In the subsequent study described in the paper, they analyzed gene expression at the single-cell level and looked for correlations in the expression of multiple genes to identify cell signatures that correlate to an embryo transitioning from a 1- to 64-cell state. They disrupted each embryo into 64 individual cells and surveyed 48 genes across more than 500 cells using the Fluidigm Dynamic Array 48.48 and the BioMark system. Their results included the identification of two genes, ID2 and SOX2, which are the earliest markers of outer and inner cell populations, respectively.

Richard Fekete, a senior manager at Life Technologies, described the use of the company’s Ambion® Single Cell-to-CT™ kit and OpenArray® real-time qPCR technologies for gene-expression analysis.

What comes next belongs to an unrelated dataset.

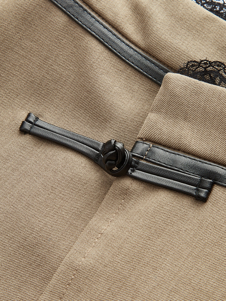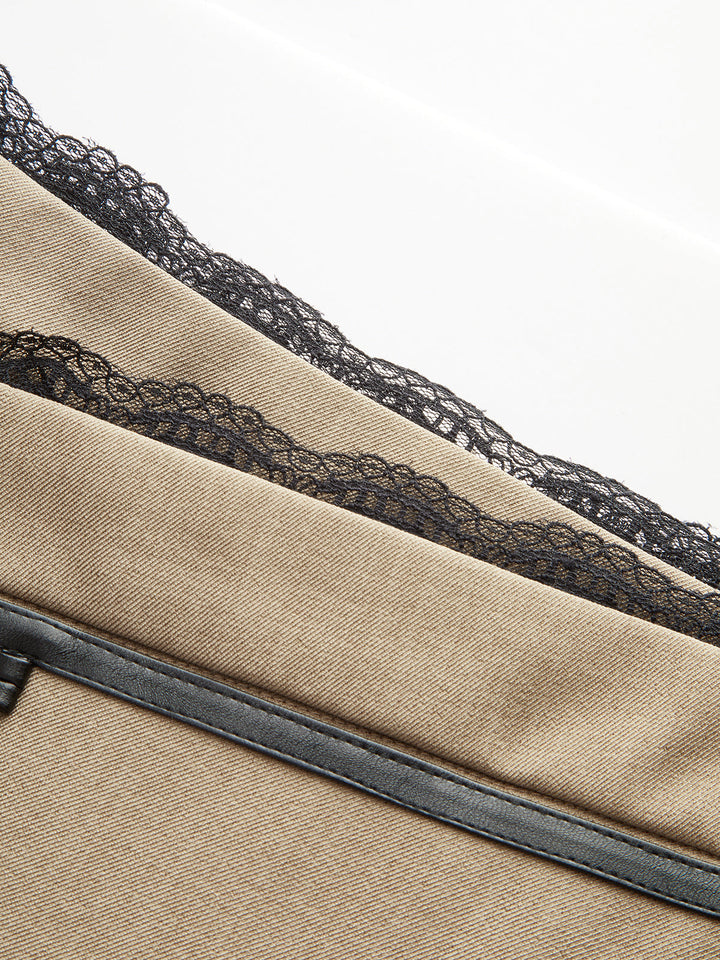 Dantel Kenarlı Suni Deri Tokalı Mini Etek

With traditional sample-prep workflows, “we noticed that when you purify RNA or DNA from a small number of cells, it tends to bind irreversibly to the matrix, or it does not bind at all,” he said. Life Technologies designed the Cell-to-CT kit to perform sample prep (including cell lysis and genomic DNA removal), reverse transcription, and preamplification in a single tube to avoid loss of material that can result from sample transfer and processing.

Tracing the history of single-cell analysis at the company, Fekete described early work with preamplification and qPCR techniques that allowed for the analysis of RNA from a small number of cells. “We saw quite variable results from single cells suggesting a lot of cell-to-cell differences,” remarked Fekete.